There are many published experiments and experience reports in
peer-reviewed literature showing that "black-box" only testing rarely
achieves better than 2/3s statement coverage.  For example awk
(Kernighan) and Knuth's TEX have an a extensive collection of black
box tests and downloadable source, have been in "production" for
years. The following experiment was done: the source was built with a
instrumenter and the test suites were run. Here's the coverage
obtained for these "excruciating", and "fiendishly clever" test
suites, which were the result of many years of development.

     Statement  Branch  Dataflow(1) Dataflow(2)
TEX   85         72       53          48
AWK   70         59       48          55

The authors reviewed the uncovered blocks and determined that the
uncovered code was not only doing exception handling.  See Joseph R.
Horgan and Aditya P. Mathur, "Software testing and reliability." in
Michael R. Lyu (ed). _Handbook of software reliability engineering._
Los Alamitos, Calif.: IEEE Computer Society Press, 1996. 531-566. BTW,
this study has a very nice analysis of the relationship between unit
test effectiveness and system reliability -- the basic result is that
both effective unit and system scope tests under the operational
profile are necessary achieve high reliability.

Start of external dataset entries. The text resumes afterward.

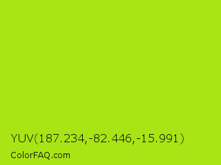 YUV 187.234,-82.446,-15.991 Color is a normal lime color and the nearest color is Inch Worm #b0e313. Hex code #a9e514 and RGB value is rgb(169,229,20). In RGB color space, this color is composed of 66% red, 90% green, 8% blue, In CMYK color space, this color is composed of 26% cyan, 0% magenta, 91% yellow , 10% black , In HSL color space, this color has a hue angle of 77° , 84% saturation and 49% lightness.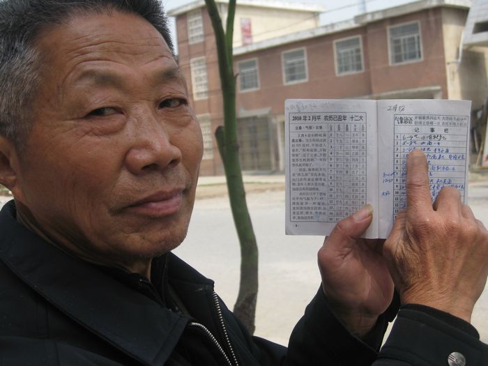 8年來,他每天堅持收看安徽電視臺和安慶電視臺的天氣預報節目,及時在農事歷書上以表格方式記下每天的天氣實況。他平時還注意將每年的天氣變化進行比較,以便安排農業生產,周圍的農工和農民也經常向他請教相關氣象知識,他被當地人成為“氣象農工”。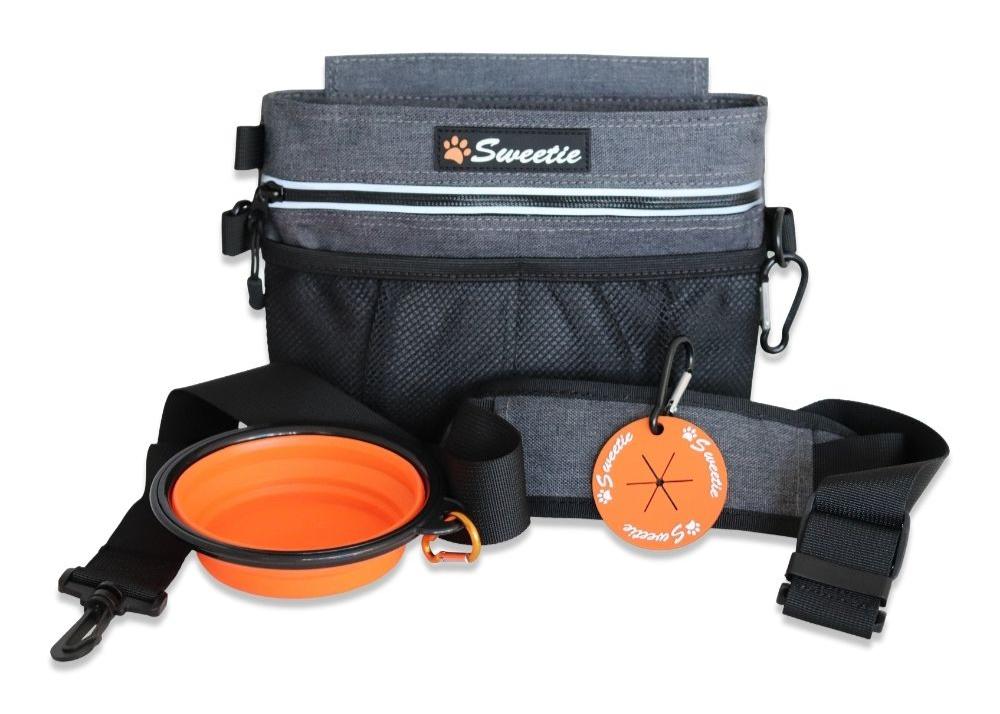 Everything you need for stress-free strolls in one handy bag. Treats, poo bags, and even a bowl and a clicker– sorted.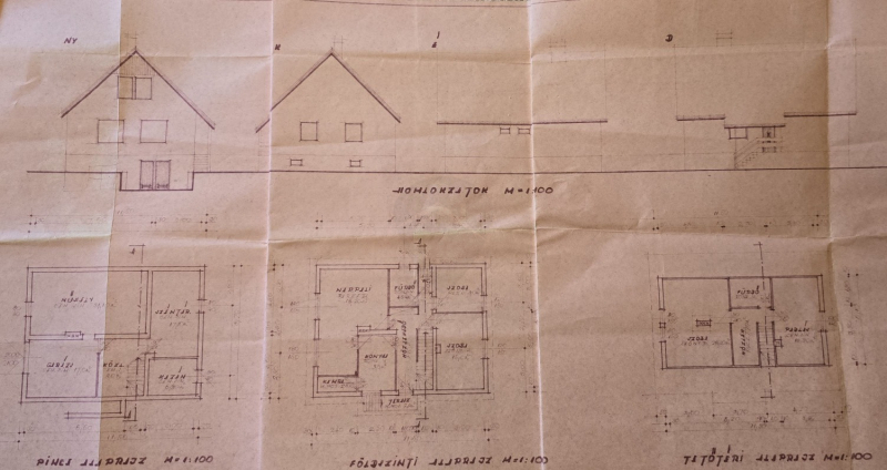 Földszint (100 m²): nappali, konyha-étkező, kamra, két hálószoba és egy félszoba, fürdőszoba, külön WC.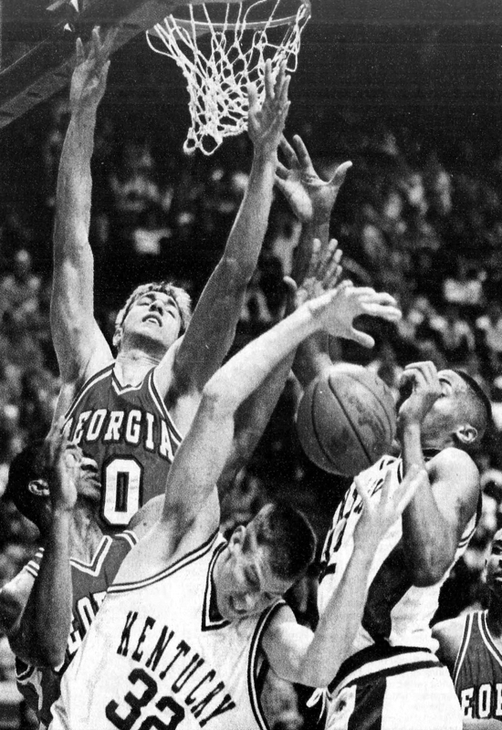 Jared Prickett (#32) loses the rebound in front of Georgia's Eric DeYoung and Badi Oliver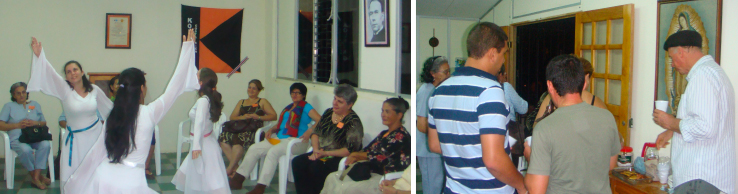 Es una inquietud de la Familia Kolping convertirse en un ente atractivo para la juventud. Actualmente l@s jóvenes se ven obligados a desenvolverse en ambientes muy difíciles y con muchas limitaciones, tanto económicas, como espirituales y emocionales. Por ese motivo se trabaja en un diagnóstico de necesidades dirigido a la niñez y juventud en la comunidad aledaña a la Casa Kolping. En la fotografía aparece un grupo de jóvenes dando una presentación de danza hebrea y compartiendo su alegría con miembros de la Familia Kolping. Durante las actividades se han incluido los refrigerios aportados por miembr@s Kolping, como una forma de socializar y hacer más ameno el tiempo compartido. |

Keith Ray, in another post in this thread said:

"Someone on the XP mailing list said that their first measurement of
unit
test coverage, after doing XP for a while, was 68% (If I recall
correctly.) They used the measurements to improve their unit testing,
and I think it
got up to over 80% or maybe higher, and it remained high as they 
continued their project."

So, a *measured* data point for the XP test strategy hits exactly the
same limit seen for years in all other kinds of testing, which is
improved with feedback. This data point does not support your
assertions.

It bears repeating: testing can't find bugs in code that isn't tested.
 This is why we do coverage analysis. Coverage analysis checks that we
haven't missed some code -- it should never be a primary test design
strategy.

> what 
> There are exceptions ...
> and exceptions are one of them. Often in Java you can't even get a
> statement to compile unless you embed it in a try block. This forces
> the programmer to code both sides of the block while he only has a
> test for one side. 
> 

Skipping tests of exception handling because it is too difficult is
like arguing that testing automotive safety equipment (air bags, seat
belts, ...) should be skipped because you have to crash a perfectly
good car, and accidents don't happen all that often anyway, and trust
me, we're certain those belts will hold. In point of fact, if you
design exception handling for testability and use some straightforward
test driver patterns to deal with this problem, it isn't any harder to
test exception code than normal case code.


> Overall, however, the practice gets very high coverage, 

Coverage of what? How do you *know* this to be the case?  If you (or
anyone else) hasn't run a coverage analyzer, you're just guessing
about code coverage(toy problems excluded.)  Why are you able to do
what Knuth and Kernighan (and many others) routinely fail to do?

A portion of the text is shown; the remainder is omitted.